Dataset items:

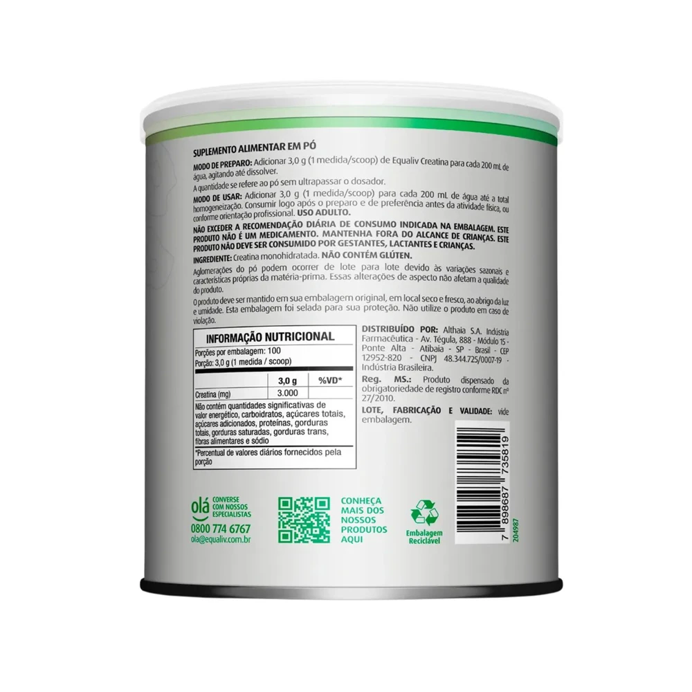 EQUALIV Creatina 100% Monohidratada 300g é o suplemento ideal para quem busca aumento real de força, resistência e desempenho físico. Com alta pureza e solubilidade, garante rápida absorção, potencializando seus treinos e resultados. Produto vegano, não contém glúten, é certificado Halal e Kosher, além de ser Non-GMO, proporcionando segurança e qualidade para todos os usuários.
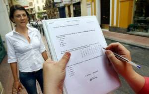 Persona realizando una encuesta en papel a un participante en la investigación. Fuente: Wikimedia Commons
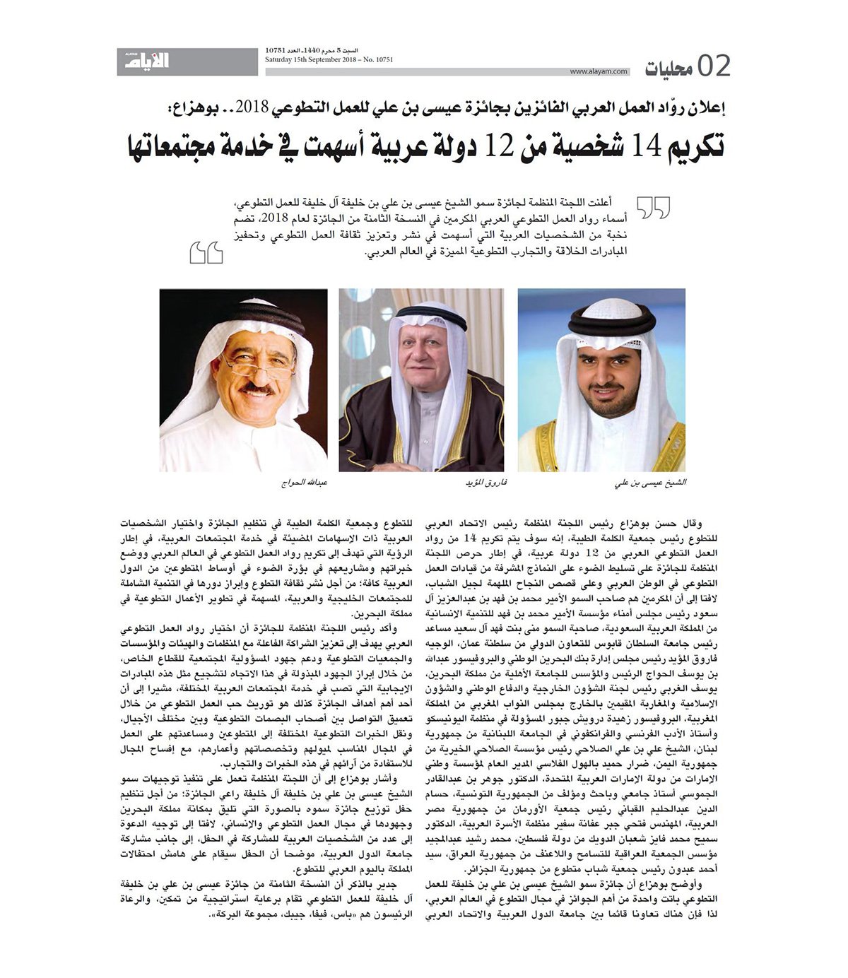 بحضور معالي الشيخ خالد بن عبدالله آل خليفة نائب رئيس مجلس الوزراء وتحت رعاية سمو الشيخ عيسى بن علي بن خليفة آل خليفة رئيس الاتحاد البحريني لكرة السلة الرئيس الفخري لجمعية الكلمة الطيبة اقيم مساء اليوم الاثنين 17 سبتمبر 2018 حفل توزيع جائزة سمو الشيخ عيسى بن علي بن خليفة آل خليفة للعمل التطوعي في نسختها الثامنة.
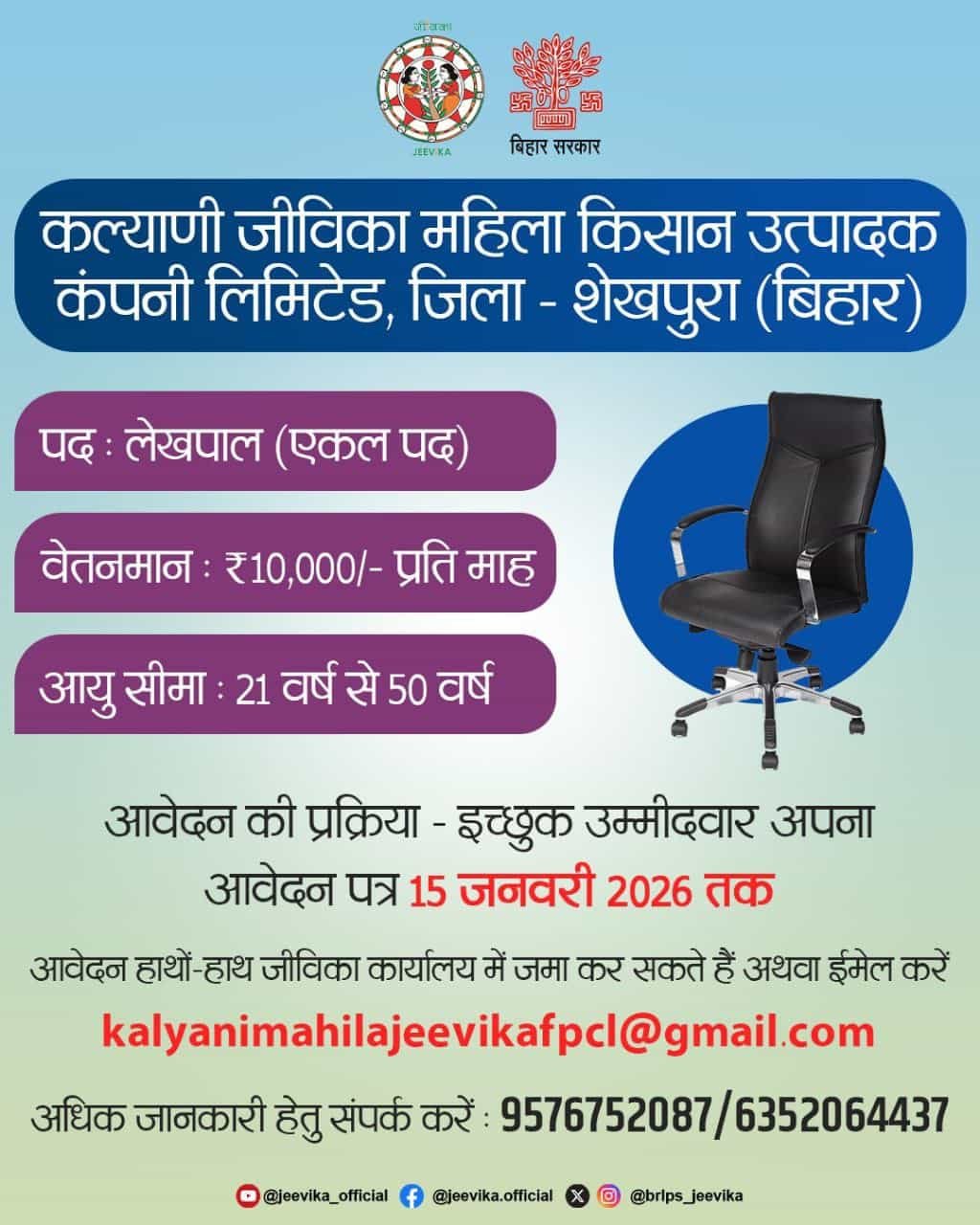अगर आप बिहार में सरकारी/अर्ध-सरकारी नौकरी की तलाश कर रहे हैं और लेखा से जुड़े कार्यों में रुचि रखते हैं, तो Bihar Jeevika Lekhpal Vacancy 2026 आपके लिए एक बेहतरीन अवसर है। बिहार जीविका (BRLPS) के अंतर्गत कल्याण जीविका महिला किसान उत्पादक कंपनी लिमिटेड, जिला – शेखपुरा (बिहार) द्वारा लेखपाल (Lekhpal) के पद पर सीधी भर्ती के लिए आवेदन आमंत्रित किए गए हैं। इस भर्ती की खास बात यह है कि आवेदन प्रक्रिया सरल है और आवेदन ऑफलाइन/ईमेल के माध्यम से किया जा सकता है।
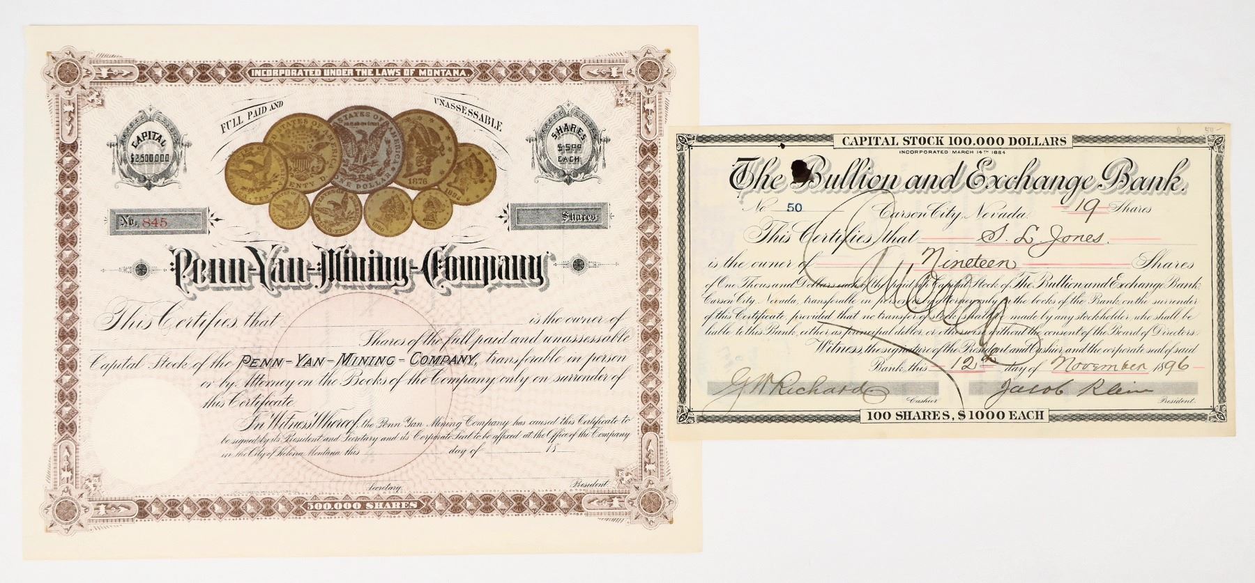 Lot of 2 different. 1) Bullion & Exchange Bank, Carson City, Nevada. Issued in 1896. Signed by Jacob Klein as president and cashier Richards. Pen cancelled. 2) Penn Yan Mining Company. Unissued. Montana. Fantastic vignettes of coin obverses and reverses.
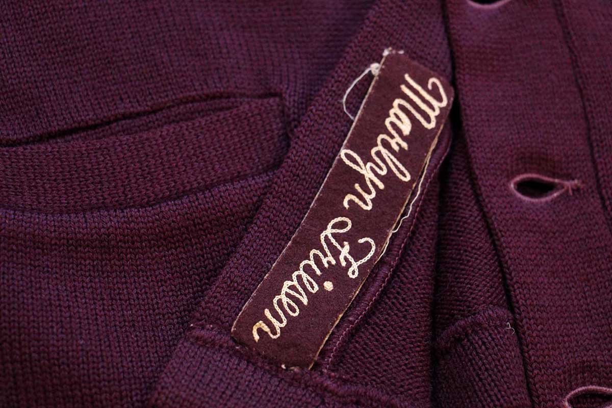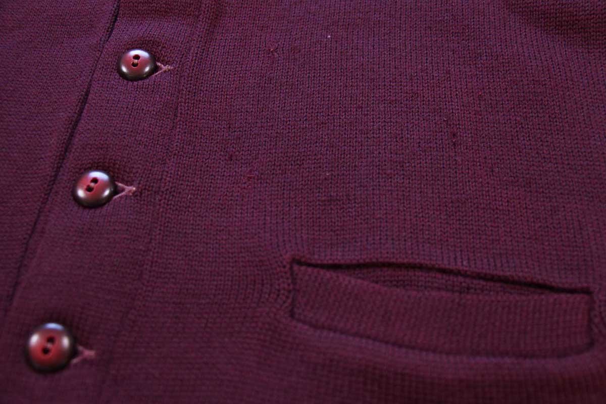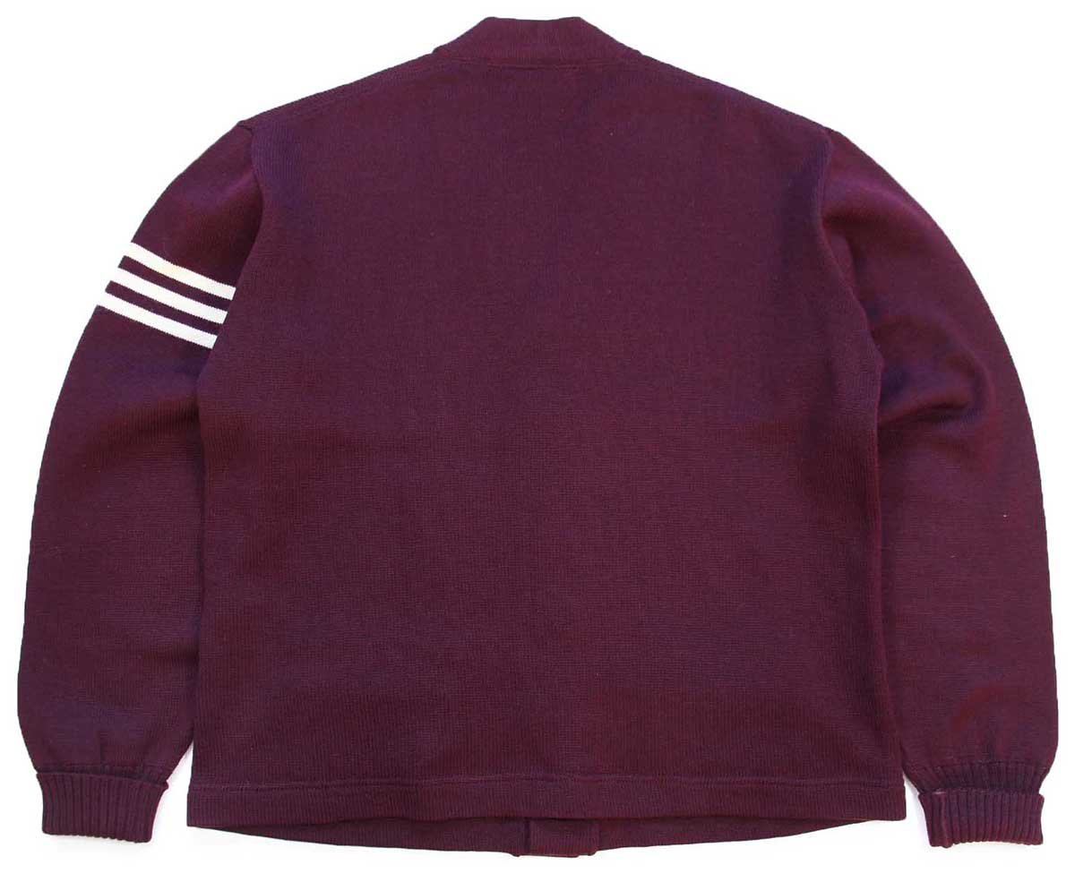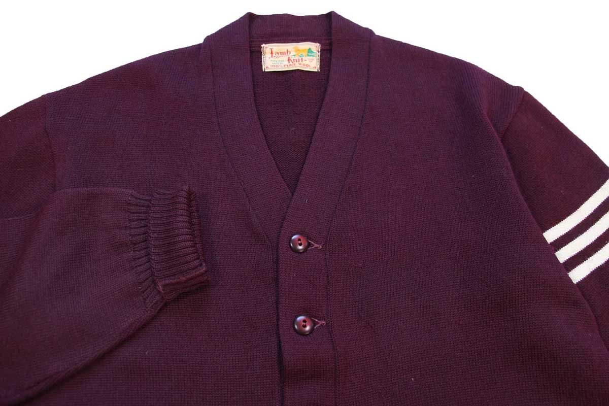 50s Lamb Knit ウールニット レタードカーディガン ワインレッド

**Exercise requirements:** Exactly reproduce the lines above, starting at the one that contains "Persona realizando una" and ending at the one that contains "بحضور معالي الشيخ", both inclusive; leave the pictures out and add no other lines.

**Answer box:**
 Persona realizando una encuesta en papel a un participante en la investigación. Fuente: Wikimedia Commons
 بحضور معالي الشيخ خالد بن عبدالله آل خليفة نائب رئيس مجلس الوزراء وتحت رعاية سمو الشيخ عيسى بن علي بن خليفة آل خليفة رئيس الاتحاد البحريني لكرة السلة الرئيس الفخري لجمعية الكلمة الطيبة اقيم مساء اليوم الاثنين 17 سبتمبر 2018 حفل توزيع جائزة سمو الشيخ عيسى بن علي بن خليفة آل خليفة للعمل التطوعي في نسختها الثامنة.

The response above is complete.